◆ DATASET CONTENT ◆
- Opening Delimiter -
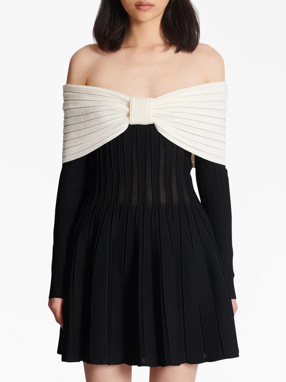 black/white knitted construction textured finish off-shoulder rear zip fastening long sleeves pleated skirt thigh-length straight hem
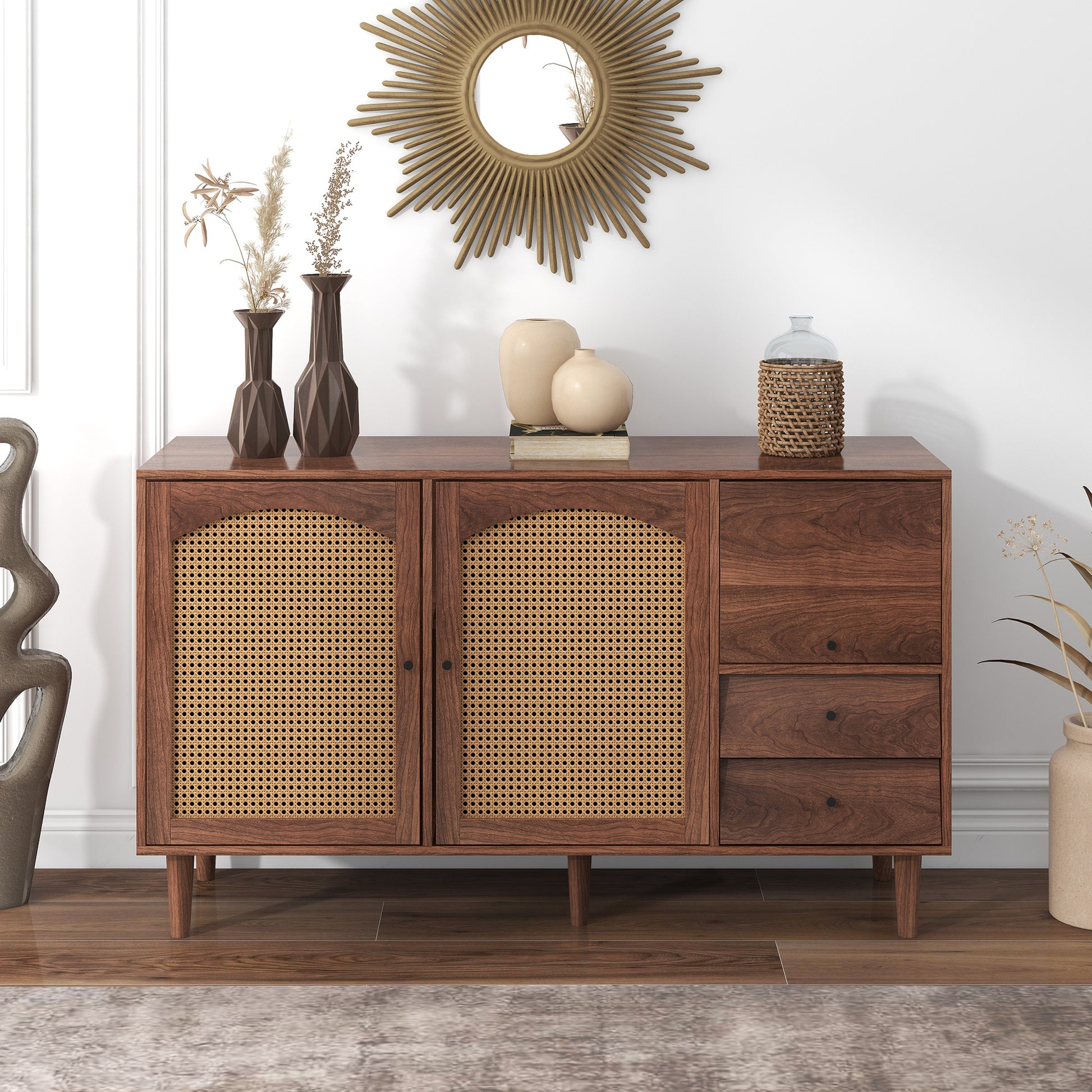 Wide Rattan Insert Sideboard with Three Doors and Two Irregular Drawers
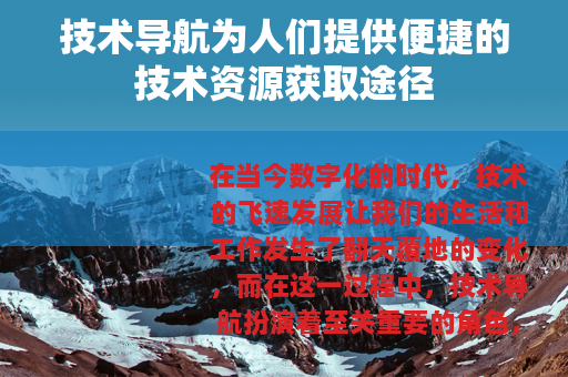 在当今数字化的时代,技术的飞速发展让我们的生活和工作发生了翻天覆地的变化,而在这一过程中,技术导航扮演着至关重要的角色,它如同一位贴心的向导,引领着我们在浩瀚的技术海洋中畅游,帮助我们快速找到所需的技术资源,从而提高我们的效率,拓展我们的视野,为我们的创新和发展提供有力的支持。
- Closing Delimiter -
◆ WHAT THE TASK REQUIRES ◆
Using the material above, restate word for word the lines from the line that has "Wide Rattan Insert" to the last line, inclusive, with pictures omitted.

◆ YOUR RESPONSE ◆
 Wide Rattan Insert Sideboard with Three Doors and Two Irregular Drawers
 在当今数字化的时代,技术的飞速发展让我们的生活和工作发生了翻天覆地的变化,而在这一过程中,技术导航扮演着至关重要的角色,它如同一位贴心的向导,引领着我们在浩瀚的技术海洋中畅游,帮助我们快速找到所需的技术资源,从而提高我们的效率,拓展我们的视野,为我们的创新和发展提供有力的支持。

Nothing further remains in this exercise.